Возможно, когда-нибудь им займется серьезный литературовед. Исследовать творчество Довлатова – это значит исследовать природу иронического. Франц Шлегель писал в «Критических фрагментах»:

«Ирония с высоты оглядывает все вещи, бесконечно возвышаясь над всем обусловленным, включая сюда и собственное свое искусство и добродетель».

Иронический писатель, по Шлегелю, признает все действительное пустым и тщетным, кроме собственной этим самым возвышаемой индивидуальности.

Насупленный Гегель терпеть не мог иронии. Но именно он сказал о ней самые точные слова:

«Ирония делает ничтожным и суетным всякое объективное содержание и таким образом сама оказывается бессодержательностью и суетностью. Отрицая все возвышенное и лучшее, она ничего в себе не содержит. Ирония сама опровергает и уничтожает себя».

Не только своим творчеством, но жизнью и смертью своей Сергей Довлатов подтвердил главную установку своей иронической Музы.

1988

Русский еврей

Вэмиграцию он бежал от непокоя коммуналки. Из шума в тишину. Но американская тишина была густо окрашена в зелень. Две комнаты в suburb[29] – $1000 в месяц, пятьсот баксов за куб тишины. И потому десятиглавый дракон с черными шерстяными головами бесновался теперь у них под окнами.

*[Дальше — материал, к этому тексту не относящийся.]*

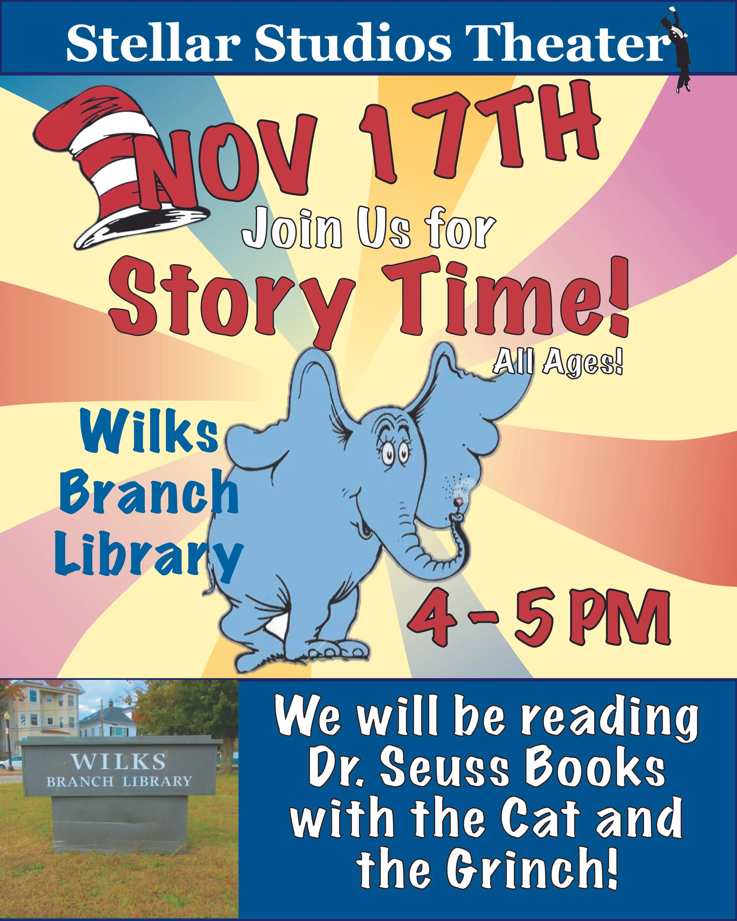 The cast of Seussical will be reading Dr. Seuss books for the Wilks Branch Library Story Time on 11/17 from 4 - 5 PM

– Я умираю на нервной почве, Нинок. Как унять этих негритят?

Резиновые красные пасти рвали в клочья гармонию бытия. Он метался по квартире, но грубошерстный дракон доставал даже в ванной.

– Остается токката и фуга Баха… Токката и фуга ре минор.

– Не сметь. Я вытащила батарейки.

– Тогда согласись на полет Валькирии.

– Валькирия убьет старушку Бетси над нами. Туда въедут Бум Бакс с Там Таммом – тогда всему дому кранты.

– Попробуй унять их ты, Нинок. Попробуй, Ниночек.

– Hello, kids, listen to me. – Бледный худенький Нинок высунулся по пояс из окна с тяжелой Библией в руках. Десять шерстяных одуванчиков запрокинулись навстречу. – Listen to me, kids. In the Holy Bibel has been written – love yours neighbors, we are yours neighbors[30].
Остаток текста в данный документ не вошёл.